What is a brain injured child?
Brain injury may be microscopic, or it may be global. It
may be recognized in disturbances of learning, of visual
perception or even of speech. But these are minor
disabilities in a generally healthy child. The global brain
injury resulting from illness in mother during pregnancy,
injury during a long or difficult birth or injury after
birth such as a car accident will reveal itself as major
disability. It may affect mobility; as for example spastic
cerebral palsy or language impairment or as a generalized
developmental delay of physical growth and activity and
mental or emotional delay.
What can we do for the brain injured child?
A developmentalist can provide you, the parent, with the
tools/activities and education to give your child the needed
sensory stimulation at the appropriate developmental
level.
Why is this important?
Movement is learning.

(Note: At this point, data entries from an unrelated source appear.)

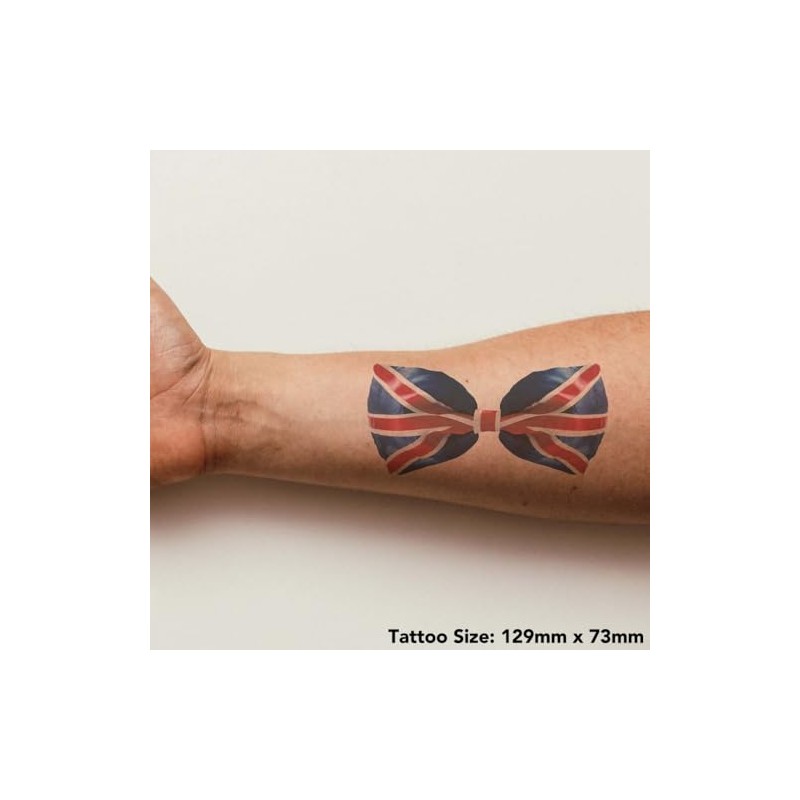 'Union Jack Bow Tie' Temporary Tattoo - Water Resistant, Skin-Safe, Non-Toxic Transfer (TO00076067)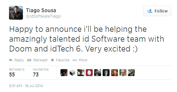 Announced by Sousa on Twitter (he even went so far as to change his handle to reflect his new employment), the notice made it very clear that he would be contributing towards the development of the hinted at and teased Doom reboot, along with the engine that powers it, idTech 6.
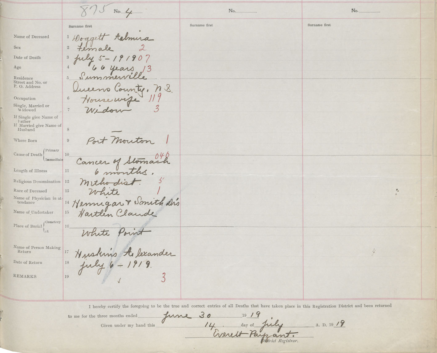 Death Registration: Year: 1919 book: 46 page: 363 number: 875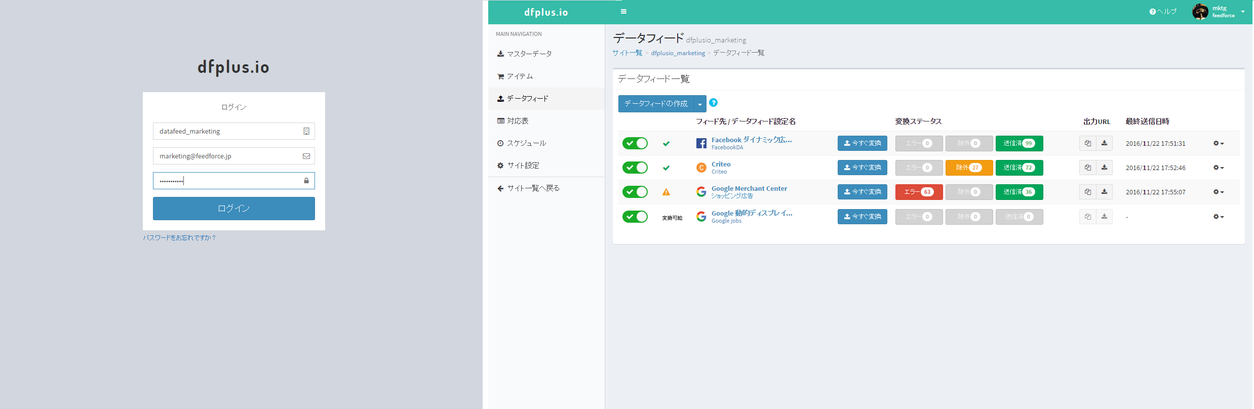 図 データフィード統合管理プラットフォームdfplus.io画面イメージ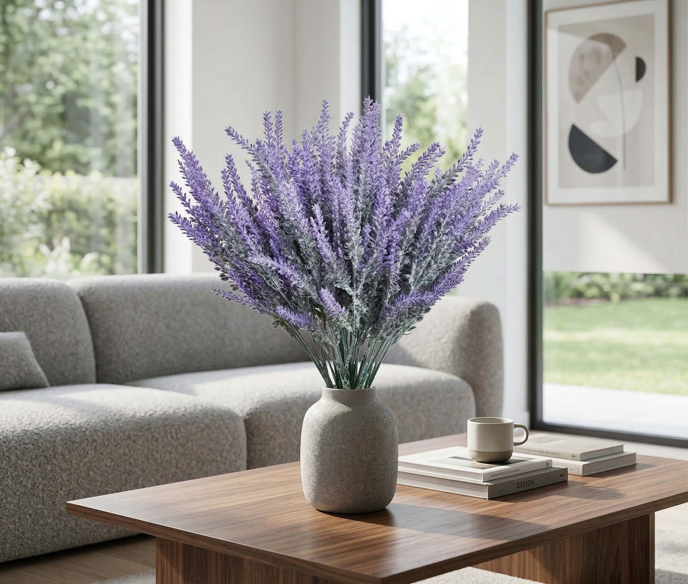 Inserita in un vaso essenziale, la lavanda dialoga con le superfici calde del tavolino e con i toni neutri del soggiorno, creando un punto focale leggero, ordinato e visivamente rilassante.

It allows the brain to know where the
body is in relation to the world, it provides the
opportunity for increased experience of touch, vision and
hearing. A brain injury can create barriers that stifle this
process. Guidance in the form of patterning movements,
increased touch, visual, or hearing stimulation at the
correct
level can help reorganize these processes in the brain.

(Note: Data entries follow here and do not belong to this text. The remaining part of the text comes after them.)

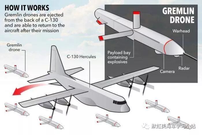 Gremlins无人机本身长约14英尺,满油后重约1600磅。Wierzbanowski说,这比目前的巡航导弹大得多,比Perdix微型无人机也大得多。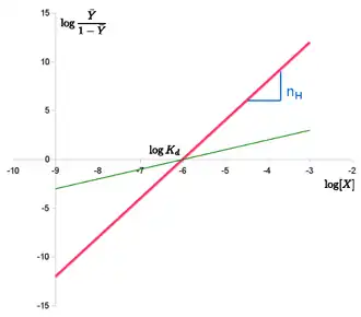 This last form of the Hill equation is advantageous because a plot of versus yields a linear plot, which is called a Hill plot.[7][8] Because the slope of a Hill plot is equal to the Hill coefficient for the biochemical interaction, the slope is denoted by . A slope greater than one thus indicates positively cooperative binding between the receptor and the ligand, while a slope less than one indicates negatively cooperative binding.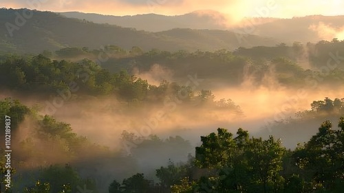 © irawan, Fototapeta premium Misty Mountain Sunrise Over Lush Green Valley
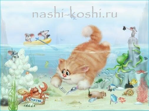 Хотелось посмотреть как кошка ловит рыбу, ведь они не любят воду. А, может, с того корабля и мыши спаслись?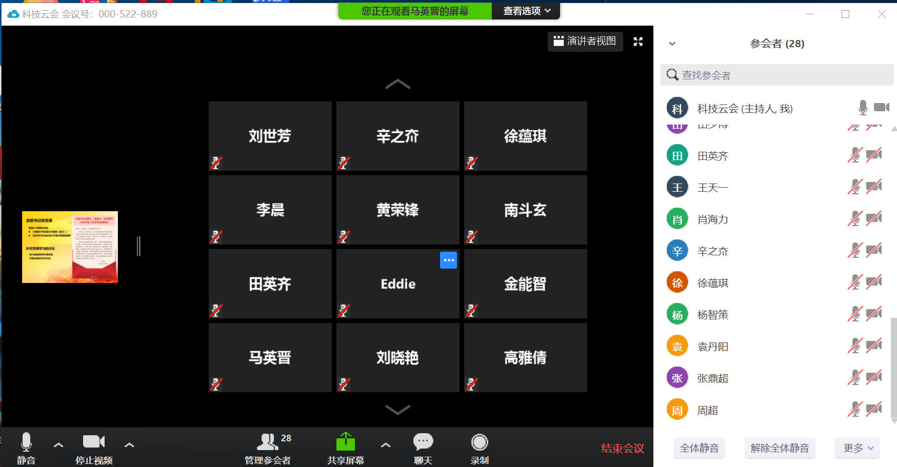 会上,支部书记金钟对本次会议的主要背景做了简要介绍,并向周园春简要介绍了支部在抗击疫情期间的党建和业务工作开展情况。周园春对智算战略党支部的工作进行了点评,对下一步的工作提出了几点建议和要求,并希望全体党员在工作中充分发挥先锋模范作用,为中心多做贡献。全体党员也一致表示会努力工作,为中心的发展添砖加瓦。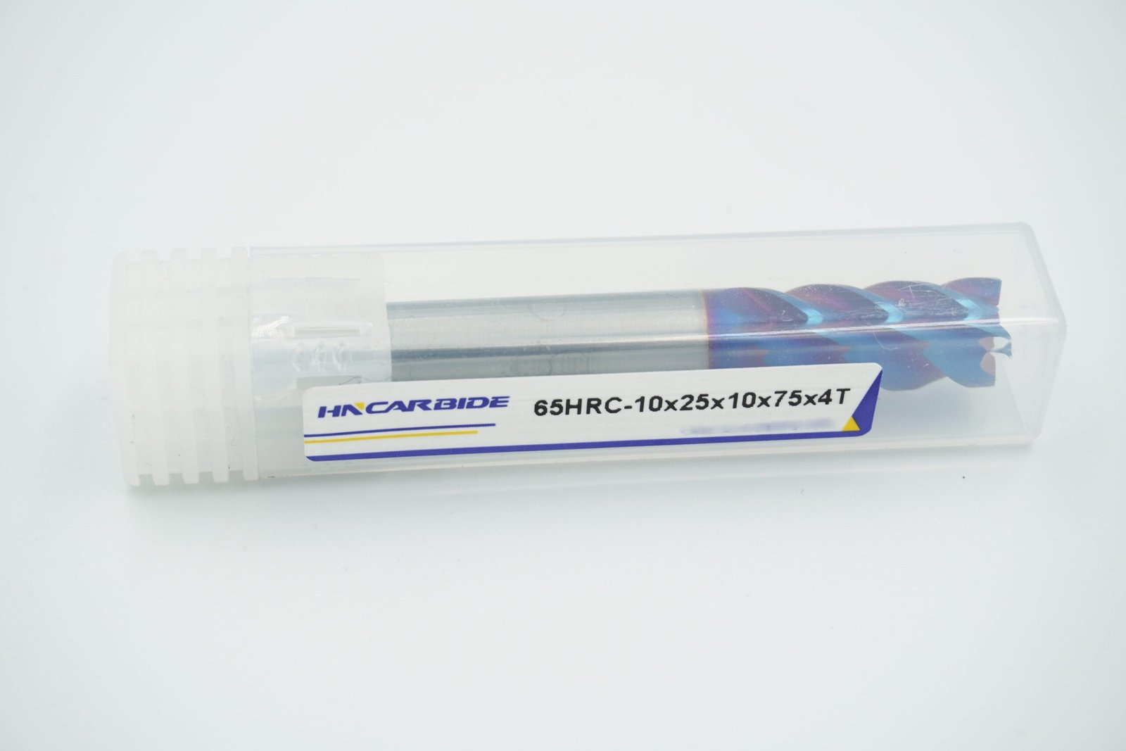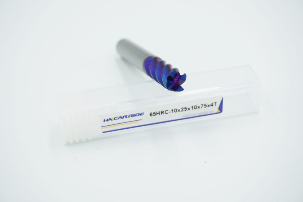 HNCarbide 4 flutes 65HRC blue nano coated carbide end mill cutter flat is engineered for high-speed machining of hardened steel, stainless steel and alloy steel up to 65HRC. Using ultra-fine grain solid carbide end mill cutter substrate and advanced CNC grinding, this tool offers outstanding wear resistance, stable cutting and long tool life under heavy load and high-temperature conditions.

What is a healthy, disorganized child?
Neurological development within the brain occurs as a
result of interaction with the child’s environment.

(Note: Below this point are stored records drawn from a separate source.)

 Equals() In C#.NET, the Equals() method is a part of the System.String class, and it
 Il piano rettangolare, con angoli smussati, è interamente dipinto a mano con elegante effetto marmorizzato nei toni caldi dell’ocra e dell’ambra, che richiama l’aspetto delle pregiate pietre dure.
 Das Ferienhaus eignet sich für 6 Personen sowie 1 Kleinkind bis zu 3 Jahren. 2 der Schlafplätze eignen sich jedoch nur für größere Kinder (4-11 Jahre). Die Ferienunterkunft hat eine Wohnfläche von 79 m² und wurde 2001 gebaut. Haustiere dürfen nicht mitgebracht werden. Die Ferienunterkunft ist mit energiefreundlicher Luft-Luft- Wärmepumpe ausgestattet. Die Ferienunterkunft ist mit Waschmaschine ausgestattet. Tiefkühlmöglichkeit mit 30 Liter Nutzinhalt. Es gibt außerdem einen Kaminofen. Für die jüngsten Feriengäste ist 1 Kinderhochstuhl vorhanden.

Prone on the floor the baby begins the effort to crawl, army
style. When care givers talk to the baby about everything
all his waking hours he will begin to babble back and
progressively acquire language. A baby soon finds fingers
and toes
to play with but will then discover objects in the
environment to manipulate, to play with, to take apart, and
eventually reassemble. But for the child with some degree of
brain injury this interaction with the environment is
obstructed. The developmentalist provides techniques to
replace these deficiencies by various exercises such as
patterning to cultivate integrated arm, leg, head movement, visual
tracking of the eyes while maintaining a clear single visual
image whether at far or near and manual dexterity. Such
activities provide organized sensory input which stimulates
effective, integrated motor output. Minimal cerebral
dysfunction occurs in the child with very little if any
abnormality in the MRI. But this child may lack coordination
of walking, running or skipping. He may have difficulty
following a line of print from side to side or a column of
figures from above down or transcribing from the board to
his desk in school.
The developmentalist teaches the child by means of
sensory input - the child learns the sensation of crawling
and creeping, learns the sensation of tracking with the eyes
and learns the sensations that are perceived through the
skin moment by moment through the day. This stimulation
program known by the general term of patterning is taught to
the family to perform at home.
What can we do for the disorganized healthy
child?
There is no visible pathology in the brain, but this child
finds it difficult to receive, process, retrieve and use
information. There is a glitch in the integration necessary
for organized thought processes.
What can we do for the disorganized healthy child?
A developmentalist can provide you, the parent, with the
tools/activities and education to guide your child to live
in a more organized way. Recognition of visual, touch, or
hearing processing problems will help to design approaches
to learning that integrate all the senses so that there is
success in learning.
Why is this important?
If the process of thought is in a jumble because the path is
not even or complete, then it is difficult to get through
the day. Think of the thought process as climbing a ladder.
If a few rungs are missing or incomplete then it is far more
difficult to climb. It is important to integrate all our
senses so that we can perform our best.